● Directions for this task
The exact lines of the listing, from its first through the line that contains "Do your notes", are to make up the answer, and pictures are to be left out.

● Collected data
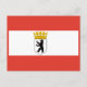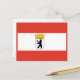 Carte postale avec variante du drapeau de Berlin, drapeau de l'État avec bandes horizontales rouges et blanches, avec une illustration d'un ours noir à l'intérieur d'un bouclier avec une couronne
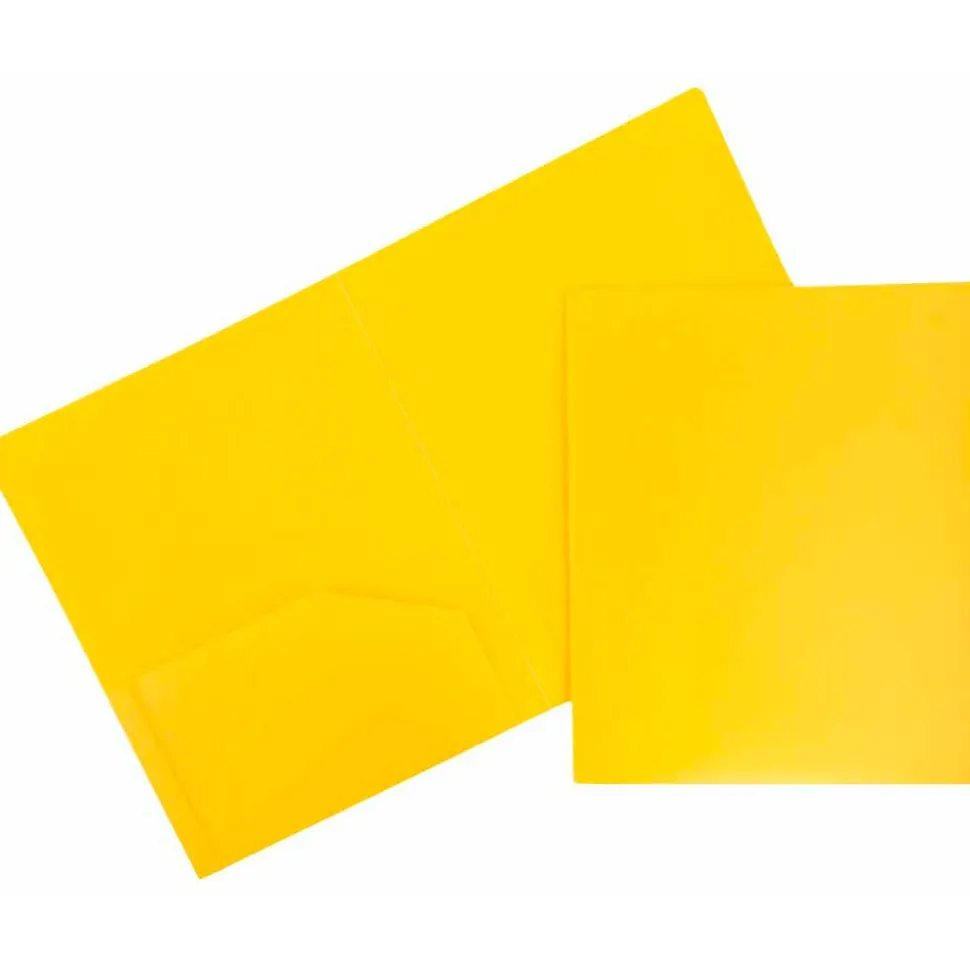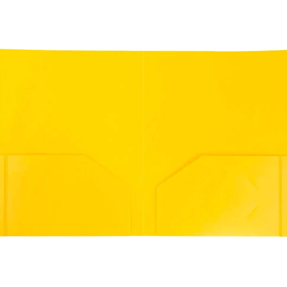 Do your notes or documents tend to get lost in the mess and disorganized in the business of life? JAM Paper® Yellow Heavy Duty Two Pocket Plastic Presentation Folders can help you get your documents in order and will allow them stand out so you can find them quickly and easily! These bright yellow folders are made out of an especially durable, heavy duty plastic and measure 9 x 12 inches in size, making them ideal for standard sized sheets of paper. Each one has the capacity for up to 20 sheets! On the inside, each of these folders has two pockets. The pockets on the right side contain a slot for keeping and displaying business cards. Use these reliable folders in the office, at home, or on the go! This pack contains a total of 6 folders!
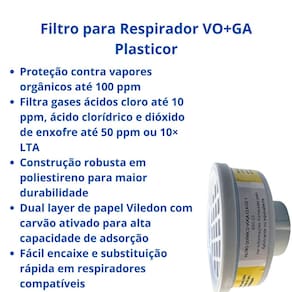 Filtro para Respirador VO+GA Plasticor Proteção contra Vapores Orgânicos e Gases Ácidos Segurança avançada para ambientes com contaminantes químicos O Filtro VO+GA da Plasticor é composto por cartucho, grade interna e tampa externa em poliestireno, com duas camadas de papel Viledon envolvendo carvão ativado. Projetado para uso em sistemas de respiração por cartucho, ele oferece barreira eficiente contra vapores orgânicos e gases ácidos em concentrações controladas.

● Solution to the exercise
 Carte postale avec variante du drapeau de Berlin, drapeau de l'État avec bandes horizontales rouges et blanches, avec une illustration d'un ours noir à l'intérieur d'un bouclier avec une couronne
 Do your notes or documents tend to get lost in the mess and disorganized in the business of life? JAM Paper® Yellow Heavy Duty Two Pocket Plastic Presentation Folders can help you get your documents in order and will allow them stand out so you can find them quickly and easily! These bright yellow folders are made out of an especially durable, heavy duty plastic and measure 9 x 12 inches in size, making them ideal for standard sized sheets of paper. Each one has the capacity for up to 20 sheets! On the inside, each of these folders has two pockets. The pockets on the right side contain a slot for keeping and displaying business cards. Use these reliable folders in the office, at home, or on the go! This pack contains a total of 6 folders!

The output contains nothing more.